### [TO DO]
Leave the pictures out and reproduce all the entries word for word.

### [SUPPLIED DATA]
%%

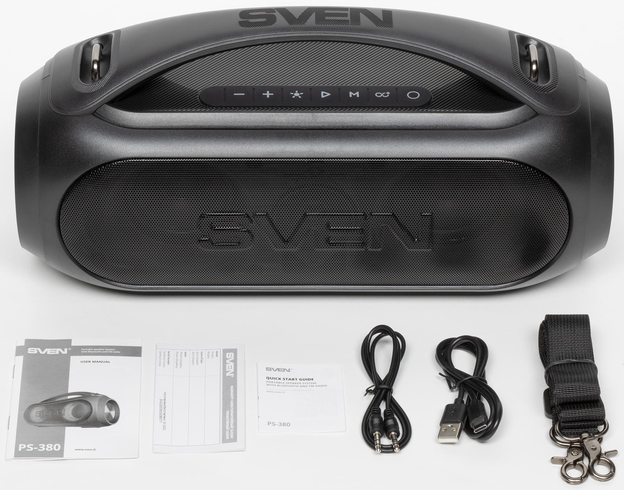 Акустика Sven PS-380 сравнительно компактна, оснащена ручкой и ремнем для переноски, имеет несколько вариантов подключения к источнику и возможность работы в автономном режиме. А также обладает целым рядом приятных опций — от подсветки до защиты от воды IPХ5. В общем, колонка рассчитана на то, чтобы стать постоянным компаньоном в самых разных ситуациях — и на небольшой вечеринке, и на отдыхе где-нибудь на берегу водоема. Потенциально устройство очень интересное, да к тому же еще и далеко не самое дорогое, что немаловажно. Осталось посмотреть, как оно покажет себя в работе.
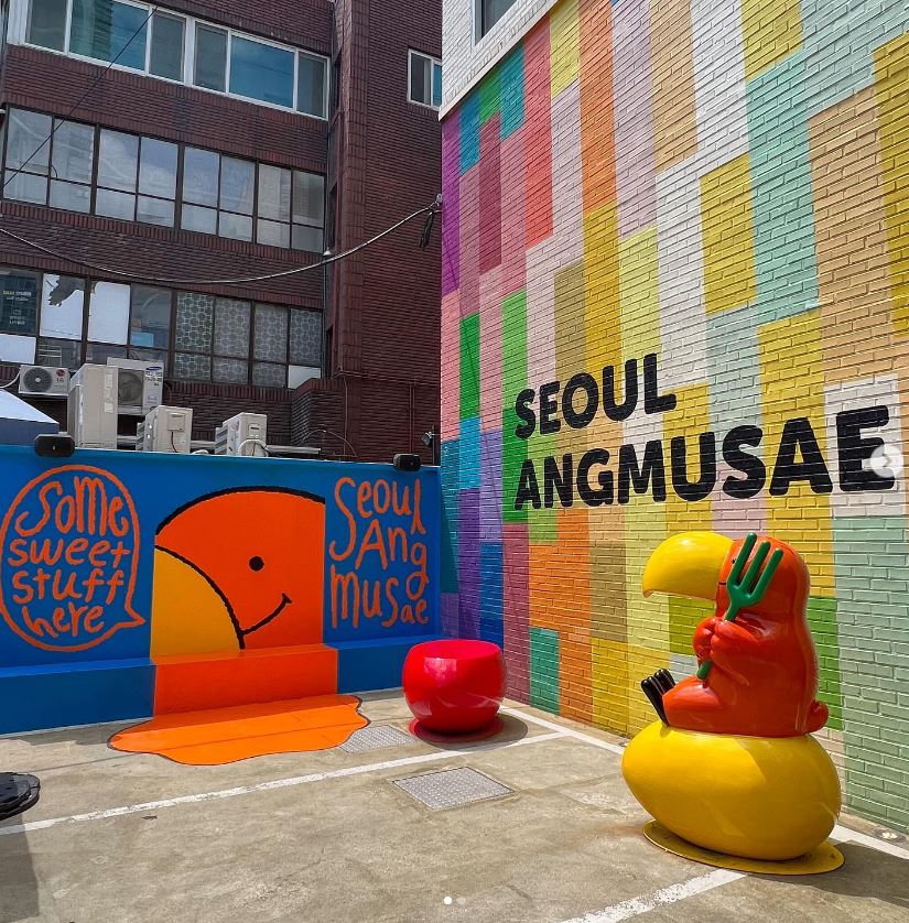 • 성수의 베이커리 카페 '서울앵무새'- 까페 외관에 화려한 포토존을 마련해 대기하는 동안 지루하지 않게 사진을 찍고 업로드하는 체험 제공.
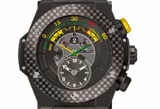 | Hublot. Big Bang Unico Bi- Retrograde Chrono. Concebido para seguir los partidos. 45 mm de diámetro, caja de cerámica con bisel de fibra de carbono. Movimiento automático. Precio: 22.900 euros. www.hublot.com/es
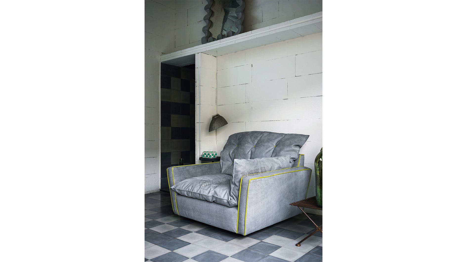 Grey Tufted Fabric Swivel Armchair with Yellow Piping
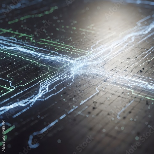 © Penguin Studio, Obraz premium Abstract Blue Digital Network with Data Points and Connecting Lines
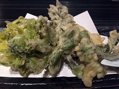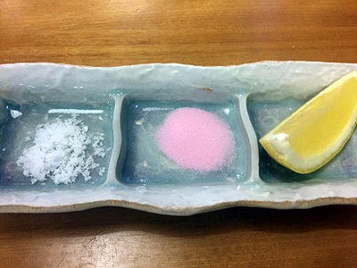 「おまかせ天へぎ」注文。まず出てきたのは塩2種とレモン。レモン汁を塩にかけて溶かして天ぷら食べるのだそうだ。初めて知った!
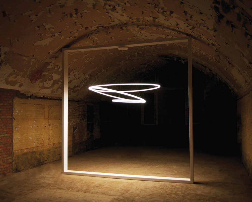 TOCCATA – Der etwas andersartige, moderne Kronleuchter. Auf den ersten Blick spiralenförmig, präsentiert sich die TOCCATA als faszinierendes Lichtobjekt, das durch die raffinierte Kombination von drei bis zu fünf LED-Ringleuchten aus jedem Blickwinkel heraus, immer wieder aufs Neue überrascht. Die Leuchte steht mit ihrer dynamischen Anordnung aus sich berührenden Ringen im ständigen Wechselspiel mit der umgebenden Architektur. Tangierende Kreise lassen die Bewegung des Lichts für den Betrachter sichtbar werden. Die besondere Kombination von nachhaltiger und handwerklicher Fertigung und modernster LED-Technologie unterstreichen die moderne Interpretation eines Kronleuchters.
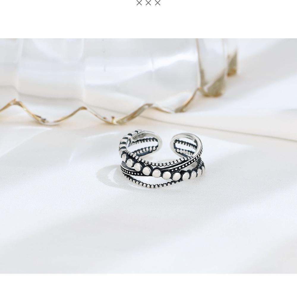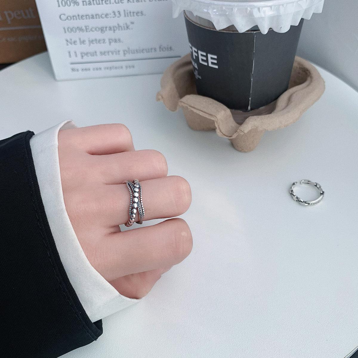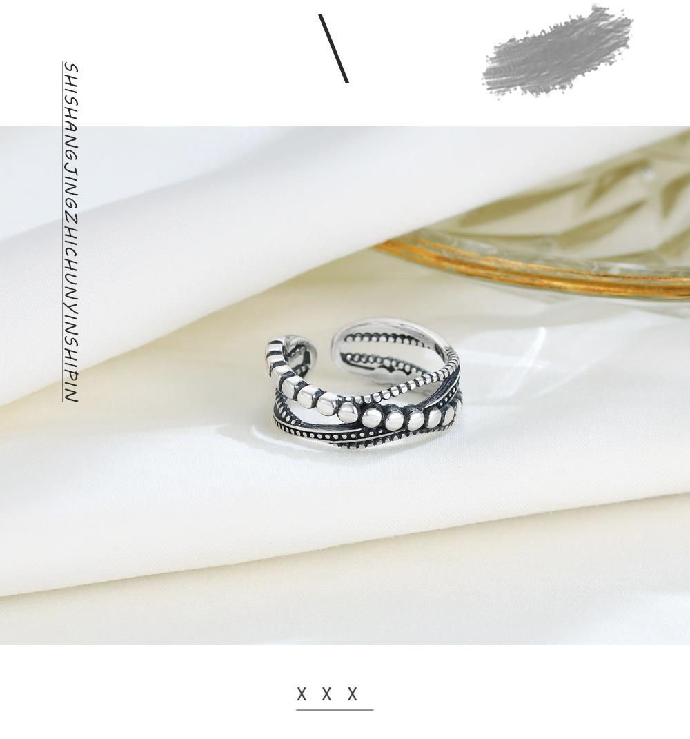 Anillo abierto con diseño de cruz retro y puntos en plata de ley S925, elegante y a la moda, para mujer
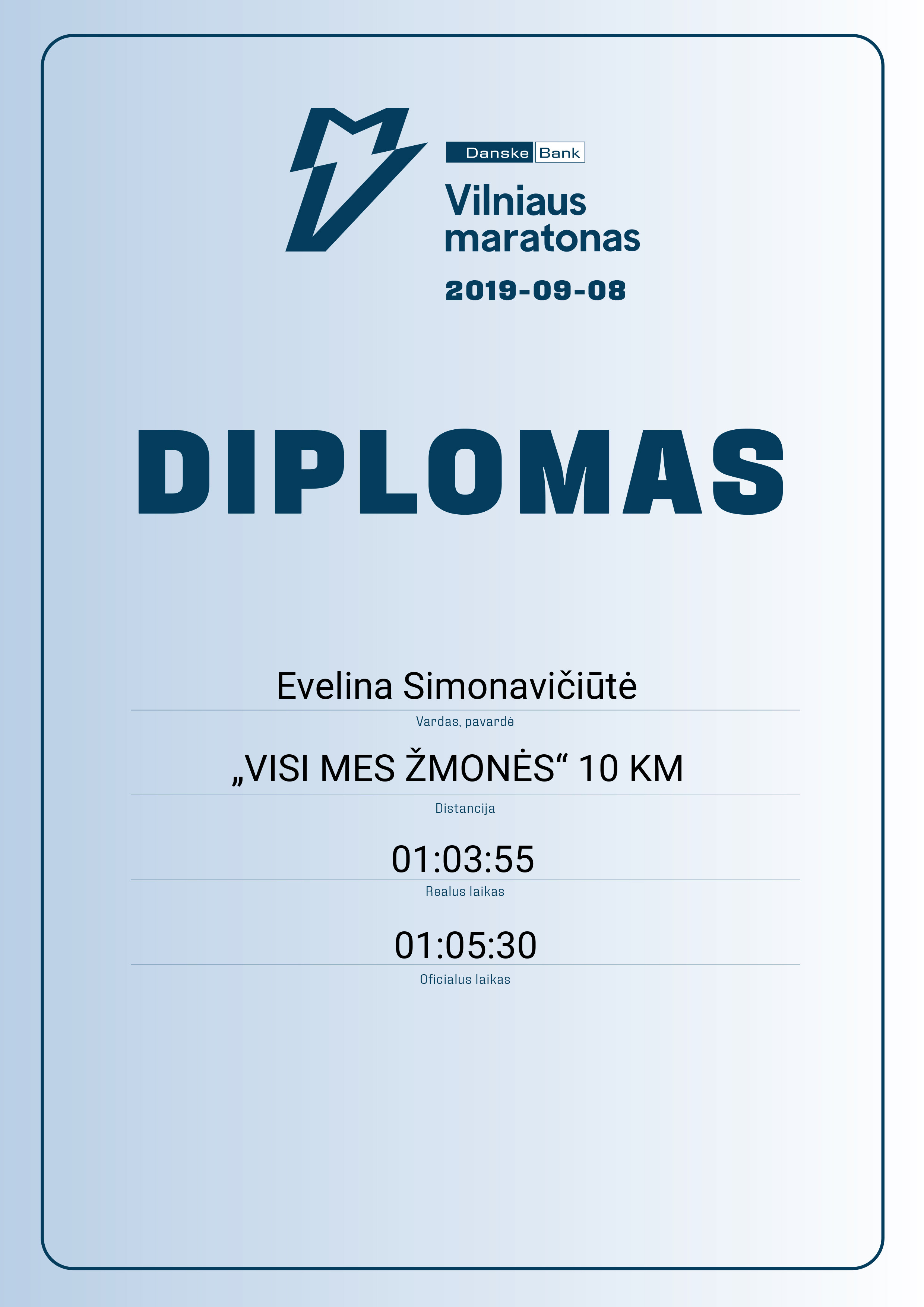 | 1730 | Evelina Dildė | 20342 | Lithuania | „VISI MES ŽMONĖS“ 10 KM | 01:10:54 | Diplomas | |
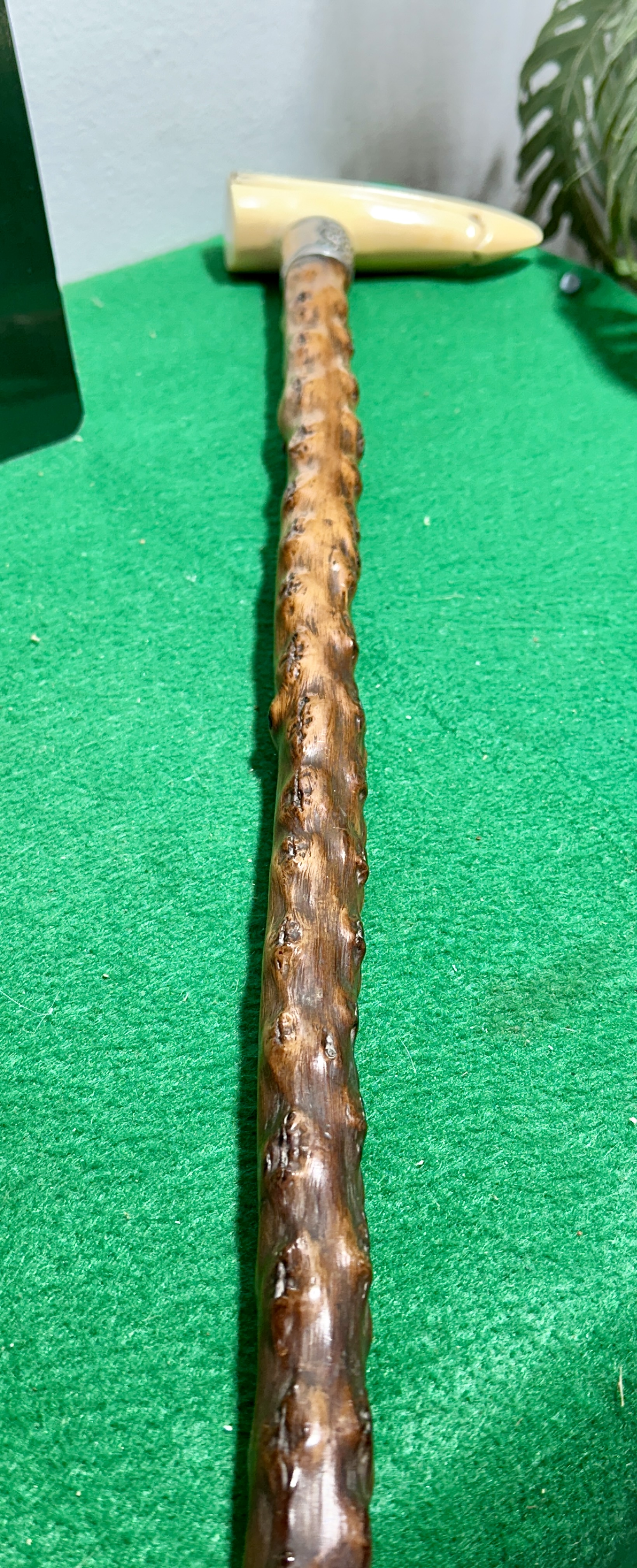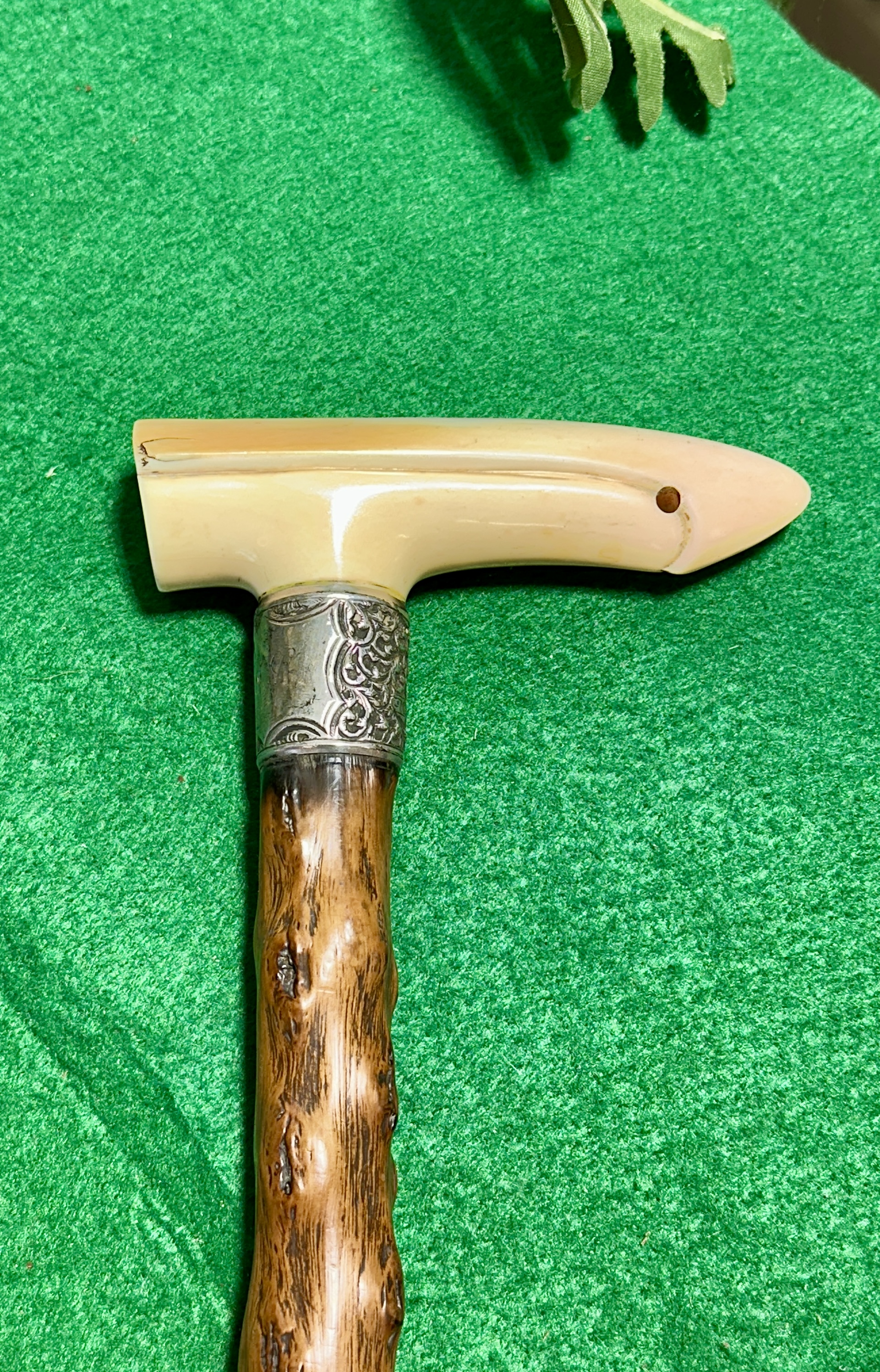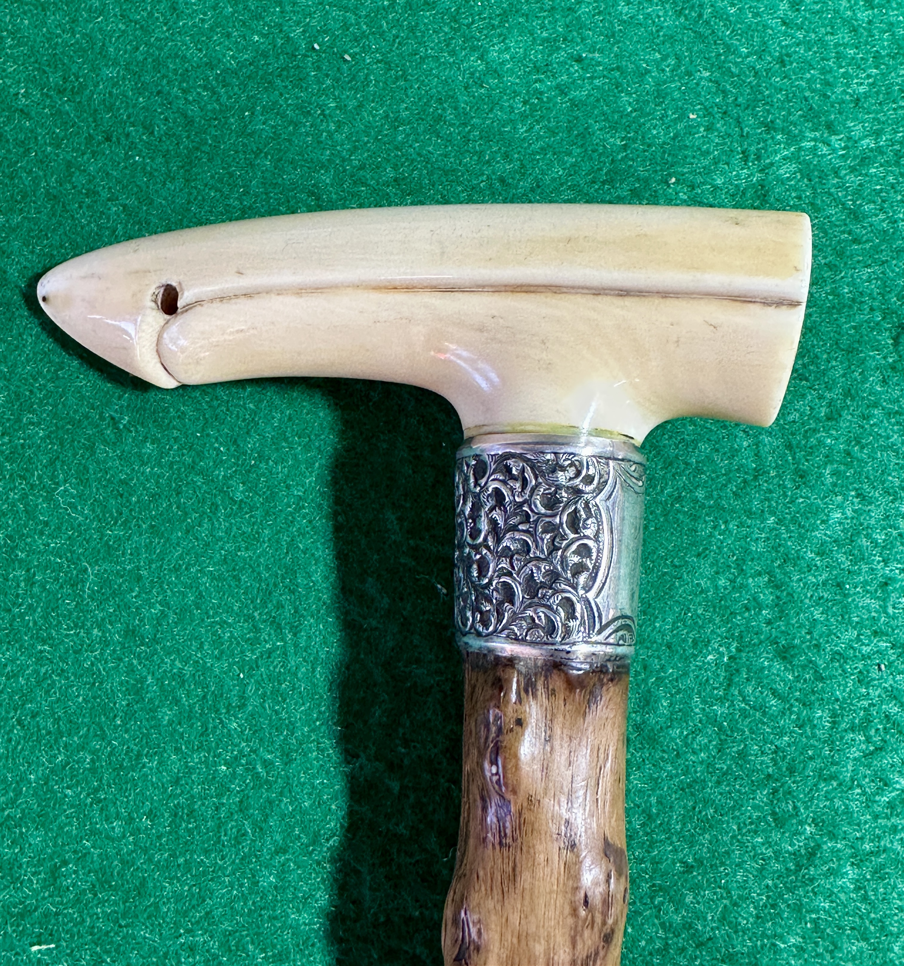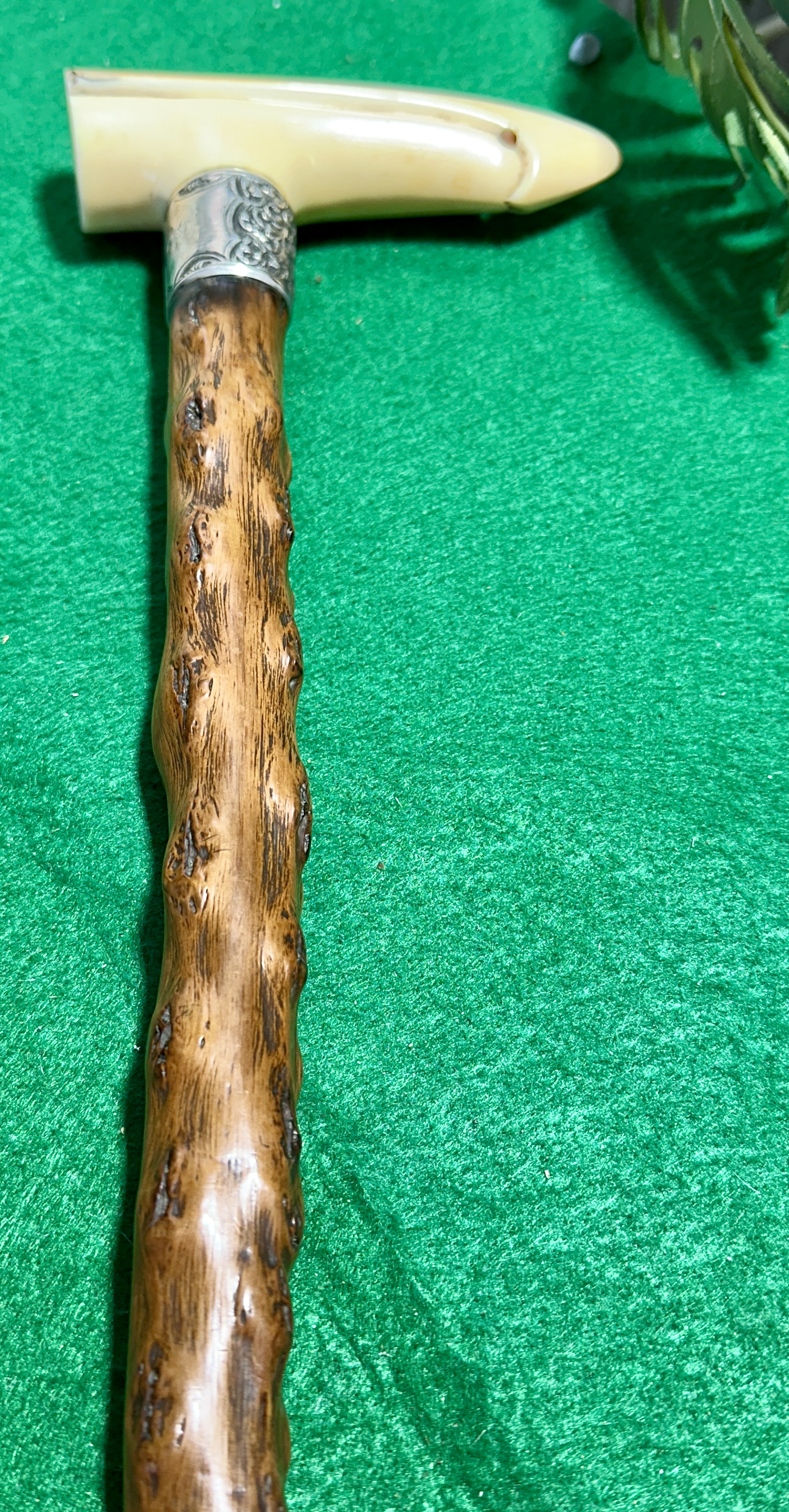 An antique walking stick featuring a sterling silver collar and an Irish blackthorn shaft. The T-shaped handle is crafted from a smooth natural material, such as antler or bone, and features a tapered end with a pre-drilled hole. The handle is joined to the shaft by an ornate metal collar decorated with embossed scrolling foliate patterns. The shaft is composed of rustic, knobby blackthorn wood, finished with a dark, lustrous polish that highlights the natural texture of the timber.

%%

### [WRITTEN SOLUTION]
 Акустика Sven PS-380 сравнительно компактна, оснащена ручкой и ремнем для переноски, имеет несколько вариантов подключения к источнику и возможность работы в автономном режиме. А также обладает целым рядом приятных опций — от подсветки до защиты от воды IPХ5. В общем, колонка рассчитана на то, чтобы стать постоянным компаньоном в самых разных ситуациях — и на небольшой вечеринке, и на отдыхе где-нибудь на берегу водоема. Потенциально устройство очень интересное, да к тому же еще и далеко не самое дорогое, что немаловажно. Осталось посмотреть, как оно покажет себя в работе.
 • 성수의 베이커리 카페 '서울앵무새'- 까페 외관에 화려한 포토존을 마련해 대기하는 동안 지루하지 않게 사진을 찍고 업로드하는 체험 제공.
 | Hublot. Big Bang Unico Bi- Retrograde Chrono. Concebido para seguir los partidos. 45 mm de diámetro, caja de cerámica con bisel de fibra de carbono. Movimiento automático. Precio: 22.900 euros. www.hublot.com/es
 Grey Tufted Fabric Swivel Armchair with Yellow Piping
 © Penguin Studio, Obraz premium Abstract Blue Digital Network with Data Points and Connecting Lines
 「おまかせ天へぎ」注文。まず出てきたのは塩2種とレモン。レモン汁を塩にかけて溶かして天ぷら食べるのだそうだ。初めて知った!
 TOCCATA – Der etwas andersartige, moderne Kronleuchter. Auf den ersten Blick spiralenförmig, präsentiert sich die TOCCATA als faszinierendes Lichtobjekt, das durch die raffinierte Kombination von drei bis zu fünf LED-Ringleuchten aus jedem Blickwinkel heraus, immer wieder aufs Neue überrascht. Die Leuchte steht mit ihrer dynamischen Anordnung aus sich berührenden Ringen im ständigen Wechselspiel mit der umgebenden Architektur. Tangierende Kreise lassen die Bewegung des Lichts für den Betrachter sichtbar werden. Die besondere Kombination von nachhaltiger und handwerklicher Fertigung und modernster LED-Technologie unterstreichen die moderne Interpretation eines Kronleuchters.
 Anillo abierto con diseño de cruz retro y puntos en plata de ley S925, elegante y a la moda, para mujer
 | 1730 | Evelina Dildė | 20342 | Lithuania | „VISI MES ŽMONĖS“ 10 KM | 01:10:54 | Diplomas | |
 An antique walking stick featuring a sterling silver collar and an Irish blackthorn shaft. The T-shaped handle is crafted from a smooth natural material, such as antler or bone, and features a tapered end with a pre-drilled hole. The handle is joined to the shaft by an ornate metal collar decorated with embossed scrolling foliate patterns. The shaft is composed of rustic, knobby blackthorn wood, finished with a dark, lustrous polish that highlights the natural texture of the timber.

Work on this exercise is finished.